Do you fall asleep with the TV on every night? Here’s what experts say about the habit.

By | February 27, 2024

Whether it is the nightly news or an old news story Friends episode that they have seen 40 times, many people say that they are lulled to sleep by the television. Some can’t even imagine falling asleep without it. If you’re one of those sleepers, you might be wondering if your nighttime habit is really good for you — or if it could end up interrupting your sleep. After all, we’ve long been told that screens at night can disrupt our natural sleep cycles and keep us awake longer than we might like.

So – to TV or not to TV? Experts say the answer is a bit complicated. Here’s what you need to know.

Why can some people fall asleep with the TV on?

The television is loud and people usually need quiet to sleep. So why are some people soothed by something like a sitcom with a laugh track as the soundtrack to their sleep? Aric Prather, a psychologist who treats insomnia, tells Yahoo Life that it’s not exactly clear why some people can fall asleep with a TV on, while others cannot. However, he says our brains can limit sensory processing, causing us to sleep even when there is noise in the background. “Some people are more sensitive than others, and some stimuli are more alert,” Prather explains.
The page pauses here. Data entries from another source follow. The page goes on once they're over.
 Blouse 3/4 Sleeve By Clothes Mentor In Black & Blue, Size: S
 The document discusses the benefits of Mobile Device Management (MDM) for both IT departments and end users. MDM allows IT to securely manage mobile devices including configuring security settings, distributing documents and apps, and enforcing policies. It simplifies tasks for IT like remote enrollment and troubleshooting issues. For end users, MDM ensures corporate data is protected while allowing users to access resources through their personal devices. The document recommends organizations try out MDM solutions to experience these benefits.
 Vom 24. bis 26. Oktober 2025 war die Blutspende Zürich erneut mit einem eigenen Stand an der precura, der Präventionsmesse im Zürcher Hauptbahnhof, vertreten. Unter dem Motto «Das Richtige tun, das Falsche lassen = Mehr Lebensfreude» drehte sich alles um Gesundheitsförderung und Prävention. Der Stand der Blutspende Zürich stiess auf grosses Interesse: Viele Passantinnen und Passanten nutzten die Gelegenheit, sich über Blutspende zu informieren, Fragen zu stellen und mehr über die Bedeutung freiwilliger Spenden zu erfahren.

Molly Atwood, assistant professor of psychiatry and behavioral sciences at Johns Hopkins University, tells Yahoo Life that the reason most people feel comforted by TV is that it produces background noise that can calm or distract their minds. “We have a system in our body that is similar to the hunger drive: the longer we are awake, the more we want to sleep,” she says. “But when we are in an anxious state, or our ‘fight or flight’ system is activated, that can suppress our body’s urge to sleep.”

If a person’s mind is too active, Atwood says, it can destroy the urge to sleep. Television can help people focus on something else so they can avoid the thoughts that might keep them awake. “They feel more relaxed and then sleep comes more easily,” she notes.
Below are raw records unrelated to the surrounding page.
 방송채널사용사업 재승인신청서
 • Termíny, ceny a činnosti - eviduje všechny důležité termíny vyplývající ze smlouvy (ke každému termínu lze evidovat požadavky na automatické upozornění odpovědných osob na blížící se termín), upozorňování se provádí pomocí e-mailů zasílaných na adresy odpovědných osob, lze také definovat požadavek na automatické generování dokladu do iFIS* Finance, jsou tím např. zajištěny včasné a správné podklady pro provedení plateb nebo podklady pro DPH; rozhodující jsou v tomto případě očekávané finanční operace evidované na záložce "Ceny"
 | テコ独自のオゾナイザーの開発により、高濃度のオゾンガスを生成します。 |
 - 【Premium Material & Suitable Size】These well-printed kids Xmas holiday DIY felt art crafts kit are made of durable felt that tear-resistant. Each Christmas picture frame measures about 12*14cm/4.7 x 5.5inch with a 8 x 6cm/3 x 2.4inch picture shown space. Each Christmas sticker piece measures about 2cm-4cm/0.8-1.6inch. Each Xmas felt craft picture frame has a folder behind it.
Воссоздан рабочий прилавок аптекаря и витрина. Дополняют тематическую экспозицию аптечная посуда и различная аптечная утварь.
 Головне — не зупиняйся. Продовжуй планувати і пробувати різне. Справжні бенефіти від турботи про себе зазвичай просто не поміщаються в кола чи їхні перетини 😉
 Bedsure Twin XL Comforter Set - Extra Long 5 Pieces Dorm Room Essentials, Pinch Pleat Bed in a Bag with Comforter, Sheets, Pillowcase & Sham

Nicole Carmona, a clinical postdoctoral fellow at the Stanford Sleep Health and Insomnia Program, tells Yahoo Life that some people struggle with “performance anxiety” when it’s time to fall asleep; the pressure is too much. “Under these circumstances, TV can distract the individual from any anxious thoughts about falling asleep,” she says.

Is it bad to fall asleep with the TV on?

Dr. Meena Khan, a sleep medicine physician at The Ohio State University Wexner Medical Center, tells Yahoo Life that if someone has trouble sleeping, TV can be a culprit. “Watching TV can delay bedtime, especially if the person watching is busy with the program that is on,” she says. She adds that those who suffer from insomnia also want to make sure their brain associates their bed with sleep – and don’t want to stay awake watching TV, which can affect future sleep.

Although our bodies have a system to filter out sounds while we sleep, they cannot remove all sound. Extreme volume or light changes, such as an explosion in a TV program, can wake us up and disrupt our sleep.

What you watch before bed can also affect how well you sleep, says Carmona. Content that is particularly emotional can make you feel more awake and engaged, preventing you from relaxing enough to fall asleep. While this will vary from person to person, Carmona says you should avoid shows, movies, or content like news programs that “increase feelings of anxiety, fear, tension, or anger right before bed.”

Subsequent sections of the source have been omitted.